> Goal of the exercise: The answer must consist solely of the lines below starting at the one containing "필기 시험 합격자들은" and ending at the one containing "This bingo card", repeated exactly, with both ends included and all pictures omitted.

> Data under study:
• • • • •
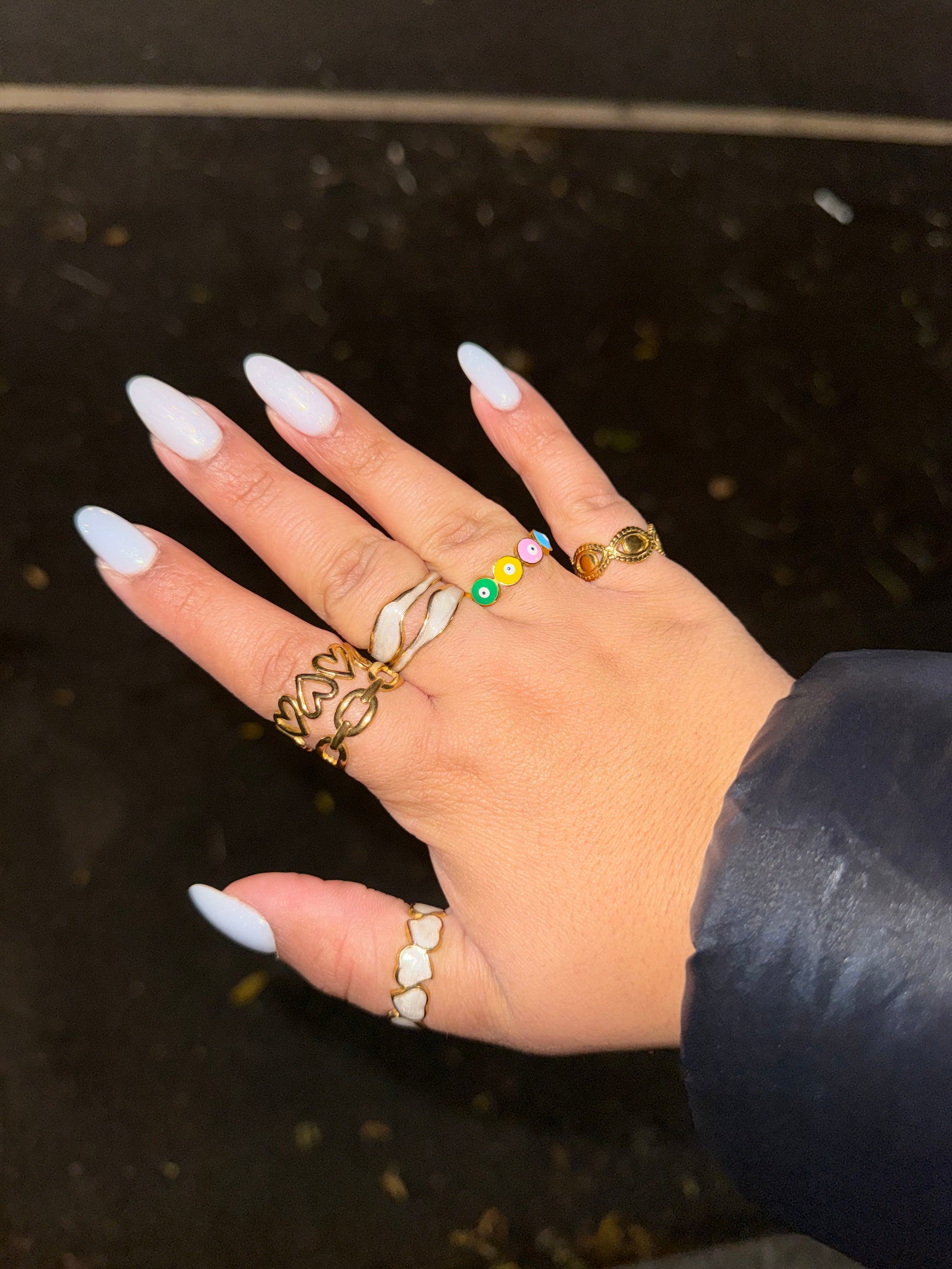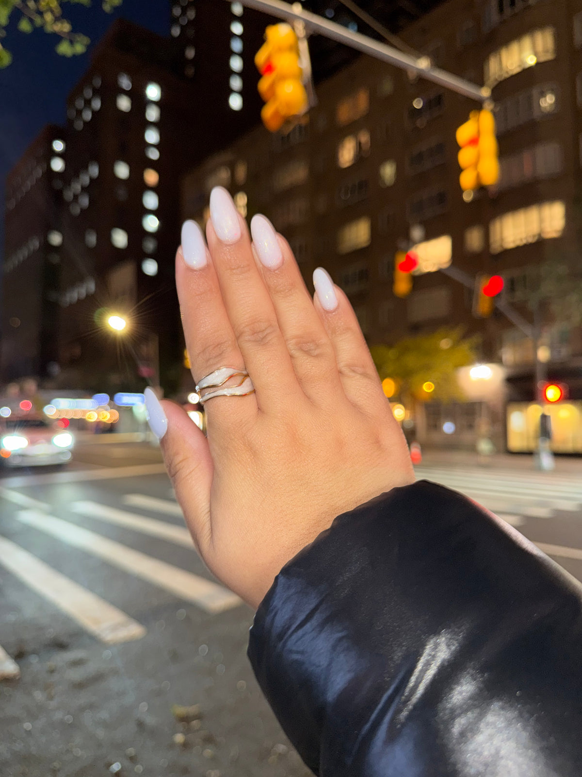 The Veyla Ring is modern minimalism with a touch of oceanic flow — a sculpted design that moves like liquid gold around your finger. Its fluid curves and glossy pearl-white enamel create a statement that feels both effortless and bold.
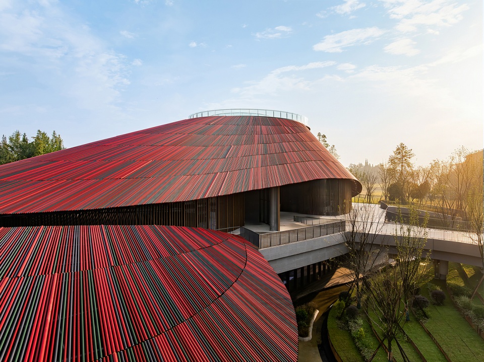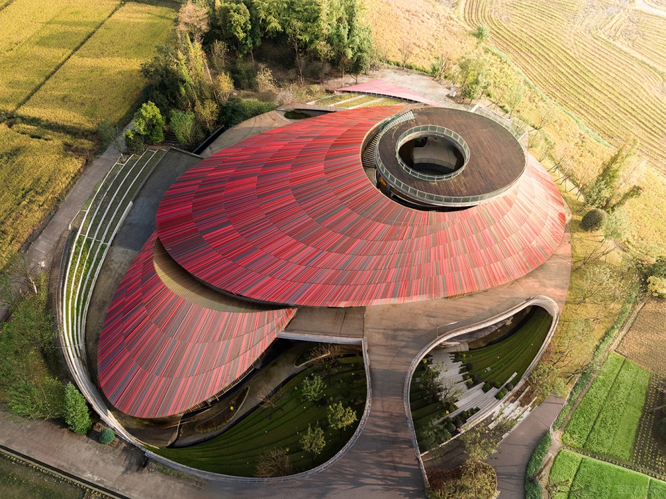 Like Douban grains scattered in the fields, the museum is naturally embedded in the Western Sichuan Linpan environment, where “fields form the background and dwellings act as the figure.” The chromatic roof creates a distinctive “Pepper-Top,” extending the gentle pitched roof typology of the Linpan and adapting to the basin climate. Using modern techniques to interpret roof hierarchies, the design recreates a staggered, lively form. From the structural logic of Glulam joinery to the light-and-shadow narrative of bamboo grilles, local materials and modern craftsmanship coexist. The project allows Linpan genes and Douban culture to deeply integrate, writing a vivid footnote for the vernacular innovation of Western Sichuan architecture.
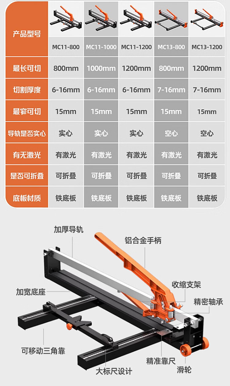 Shijing (SHIJING) tile push knife cutting artifact manual push knife orbital cutting machine floor rock slab masonry knife 3021 laser desktop sliding knife 3021 push knife 800mm standard solid monorail
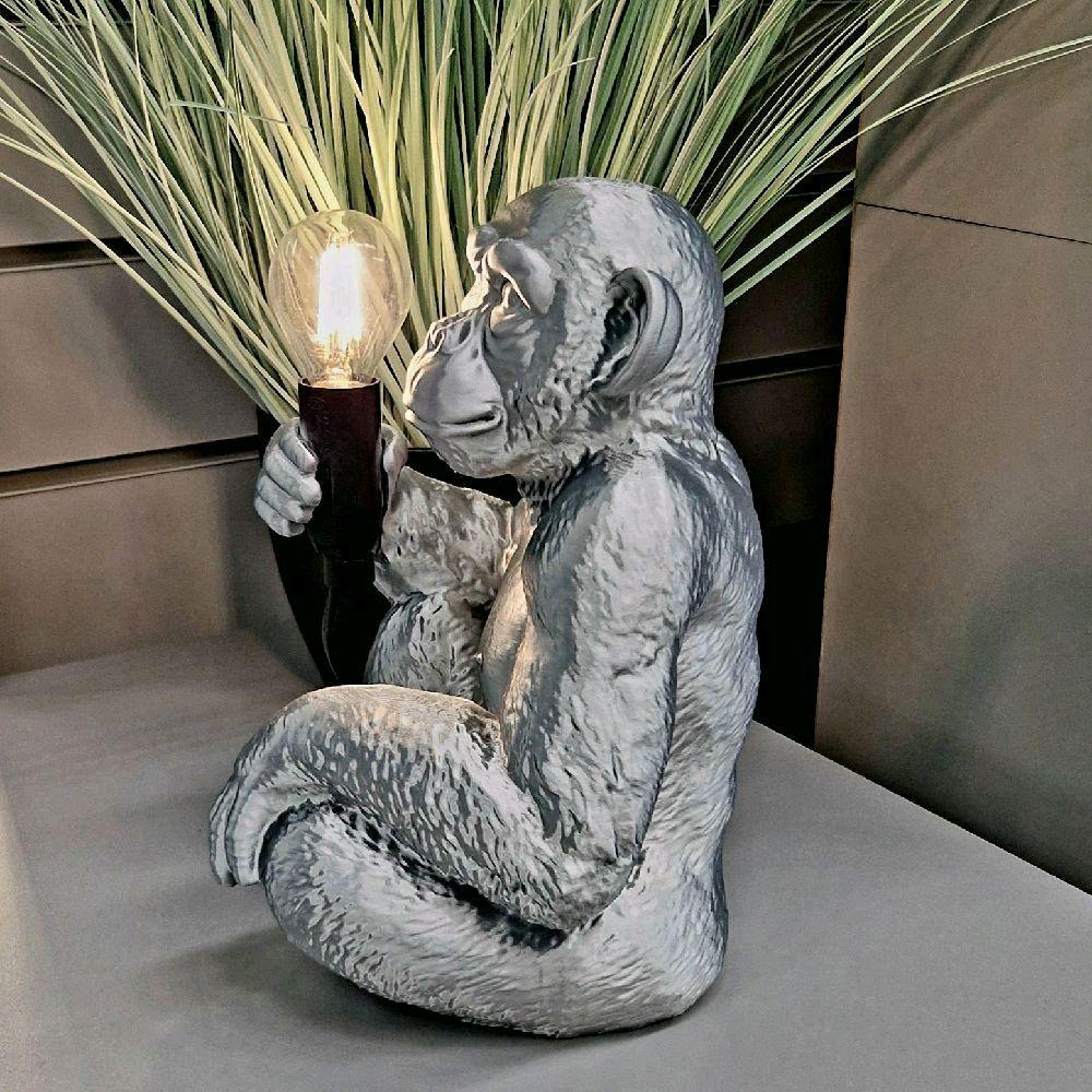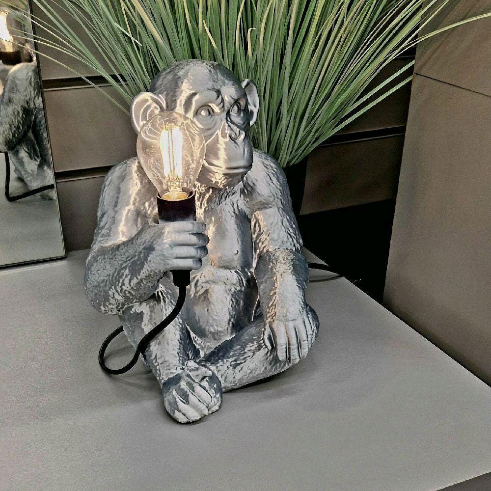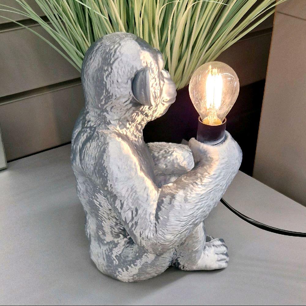 Silver Silk Effect Monkey Table Lamp | Dimmable LED Lighting | Unique Home Décor | Animal Lamp for Living Room, Bedroom, Gift Idea
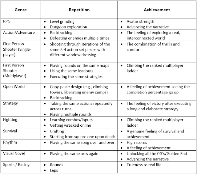 To answer that, I’ll have to expand upon my analogy of JRPG’s and repetition. Here is my argument for why every game genre is an exercise in repetition:
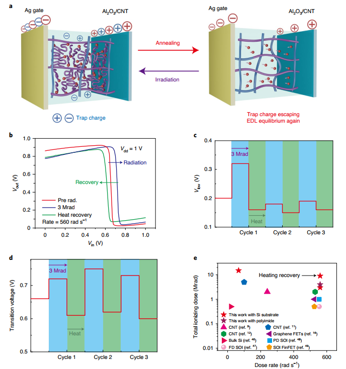 图4 a 离子凝胶碳纳米管场效应晶体管退火自修复示意图;b 逆变器退火前后的电压传输特性曲线;c-d 离子凝胶碳纳米管场效应晶体管单元器件与相应逆变器的辐射-退火循环性能测试;e 离子凝胶碳纳米管场效应晶体管单元器件与相应逆变器的抗辐射性能与之前工作的对比。
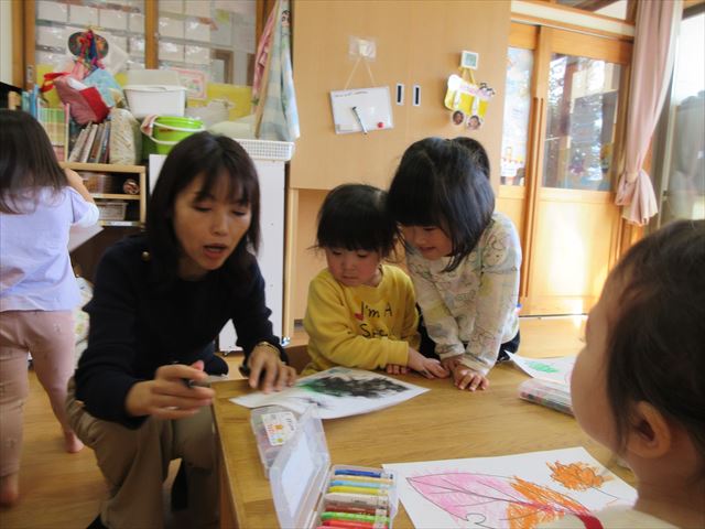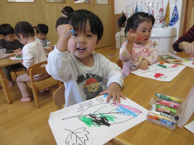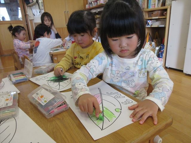 葉っぱの絵を好きな色で塗っています♪
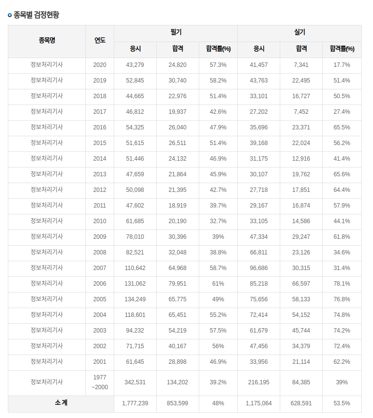 필기 시험 합격자들은 바로 응시자격 서류를 제출해야 한다. 실기시험 접수 전까지 응시작격 서류제출이 되지 않으면 필기시험 합격 사실이 취소된다고 한다. 2020년 기준 정보처리기사 필기 합격률은 약 50% 정도다. 응시자격 서류 미제출+당일 미응시자를 합치면 실질적인 합격률은 60% 이상 된다고 본다.
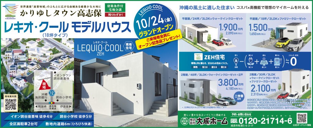 10/24(金)【かりゆしタウン高志保】にて”レキオ・クール18坪”モデルハウスが待望のグランドオープンを迎えます🎉
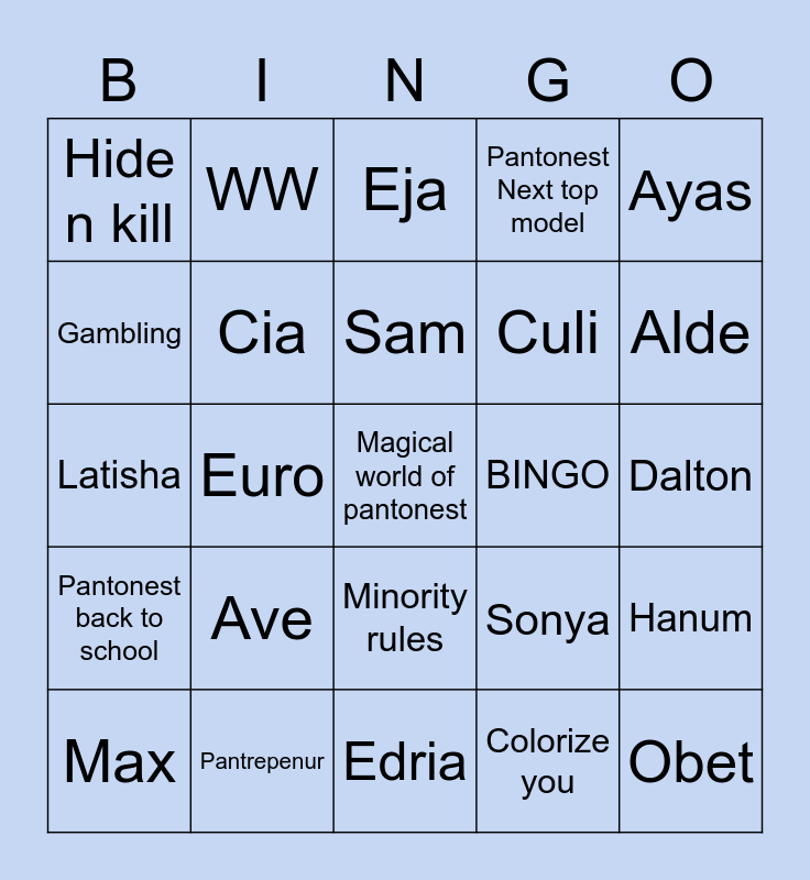 This bingo card has 25 words: Ave, Edria, Sam, Max, Ayas, Hide n kill, Gambling, WW, BINGO, Minority rules, Culi, Latisha, Sonya, Hanum, Cia, Obet, Dalton, Eja, Alde, Euro, Magical world of pantonest, Pantrepenur, Pantonest back to school, Pantonest Next top model and Colorize you.
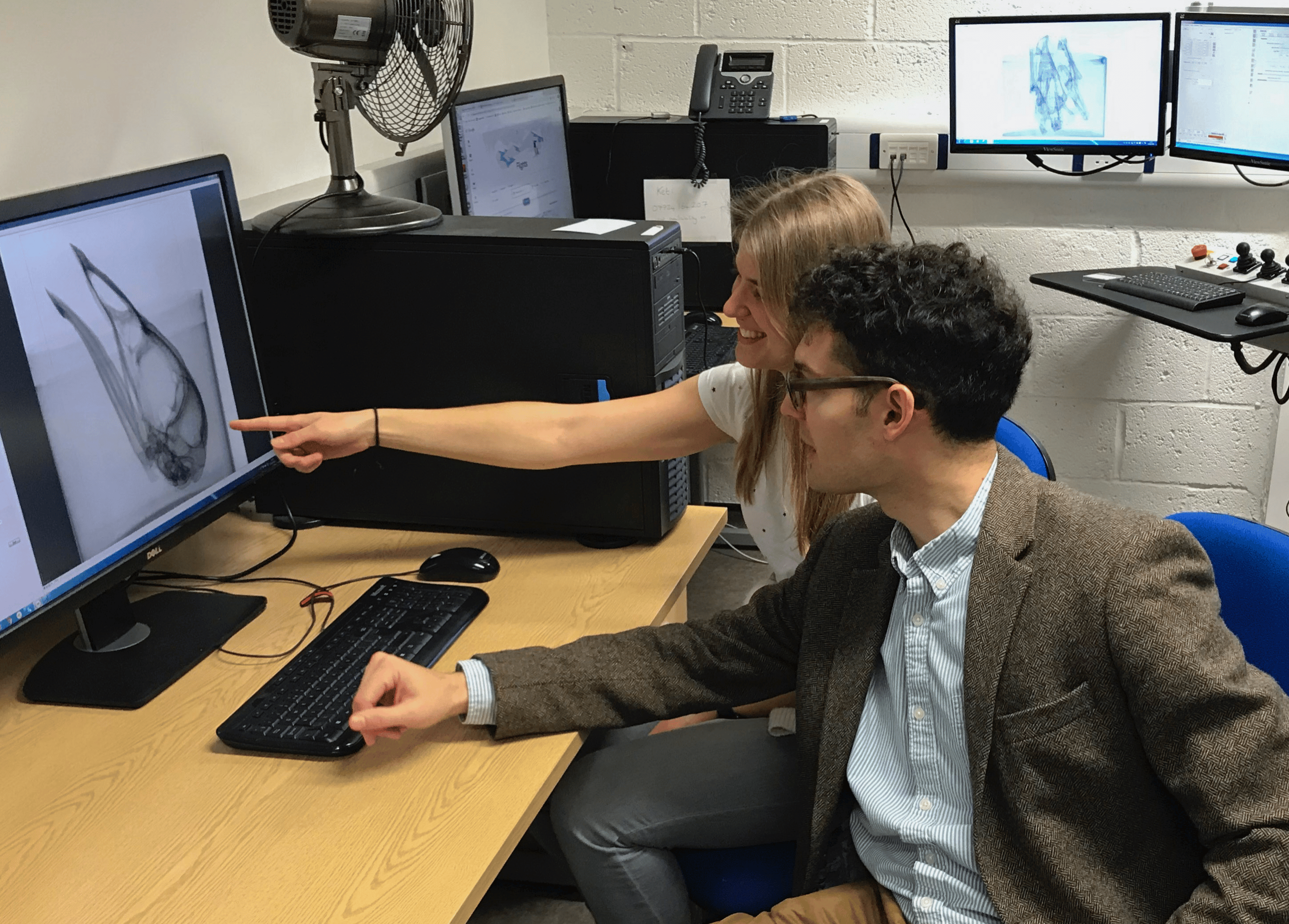 CT scanning a Malleefowl skull with PhD student Lizzy Steell at the Cambridge Biotomography Centre. © Daniel J. Field.
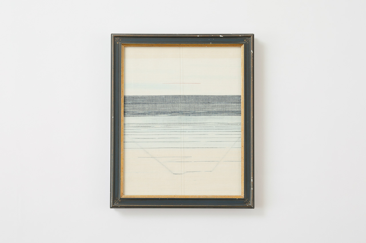 2022年 テキスタイル 水平線/山々 綿(無地、藍染絣、草木染め糸)、パステル、額 29×23.5×2.5㎝ ¥50,000 須藤 美咲 ストウ ミサキ 鳥取県 https://misakisuto.buyshop.jp/ 表示価格はすべて税込です。
• • • • •
> Task solution:
 필기 시험 합격자들은 바로 응시자격 서류를 제출해야 한다. 실기시험 접수 전까지 응시작격 서류제출이 되지 않으면 필기시험 합격 사실이 취소된다고 한다. 2020년 기준 정보처리기사 필기 합격률은 약 50% 정도다. 응시자격 서류 미제출+당일 미응시자를 합치면 실질적인 합격률은 60% 이상 된다고 본다.
 10/24(金)【かりゆしタウン高志保】にて”レキオ・クール18坪”モデルハウスが待望のグランドオープンを迎えます🎉
 This bingo card has 25 words: Ave, Edria, Sam, Max, Ayas, Hide n kill, Gambling, WW, BINGO, Minority rules, Culi, Latisha, Sonya, Hanum, Cia, Obet, Dalton, Eja, Alde, Euro, Magical world of pantonest, Pantrepenur, Pantonest back to school, Pantonest Next top model and Colorize you.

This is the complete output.